──────── SOURCE DATA
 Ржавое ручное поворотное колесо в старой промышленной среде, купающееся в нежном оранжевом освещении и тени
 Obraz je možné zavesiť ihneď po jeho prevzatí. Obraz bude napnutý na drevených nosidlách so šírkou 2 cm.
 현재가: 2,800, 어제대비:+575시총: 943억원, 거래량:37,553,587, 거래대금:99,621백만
────────────────
──────── SOURCE DATA
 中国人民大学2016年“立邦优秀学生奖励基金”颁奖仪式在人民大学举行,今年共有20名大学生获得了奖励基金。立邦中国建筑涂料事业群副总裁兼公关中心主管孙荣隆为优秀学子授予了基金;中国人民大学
────────────────
──────── SOURCE DATA
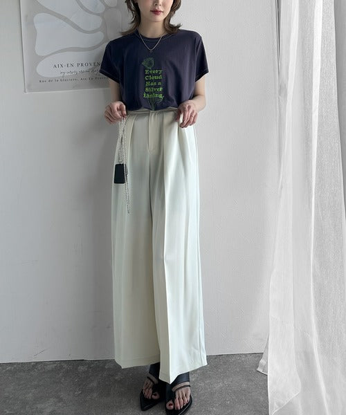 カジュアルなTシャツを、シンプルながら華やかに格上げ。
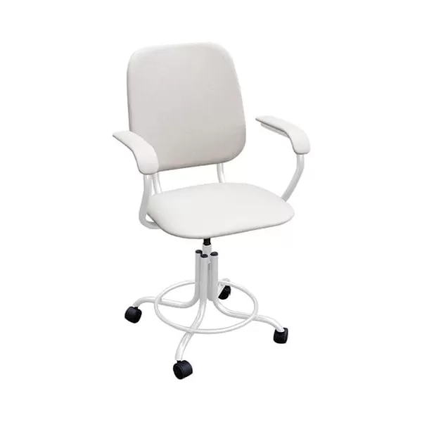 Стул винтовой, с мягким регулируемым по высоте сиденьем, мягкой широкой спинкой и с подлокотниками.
────────────────
TASK OBJECTIVE: In the entries above, find the line holding "Ржавое ручное поворотное" and the line holding "현재가: 2,800, 어제대비:+575시총: 943억원, 거래량:37,553,587, 거래대금:99,621백만", then retype exactly those two lines and every line between them, and nothing else.

SOLUTION TO THE EXERCISE:
 Ржавое ручное поворотное колесо в старой промышленной среде, купающееся в нежном оранжевом освещении и тени
 Obraz je možné zavesiť ihneď po jeho prevzatí. Obraz bude napnutý na drevených nosidlách so šírkou 2 cm.
 현재가: 2,800, 어제대비:+575시총: 943억원, 거래량:37,553,587, 거래대금:99,621백만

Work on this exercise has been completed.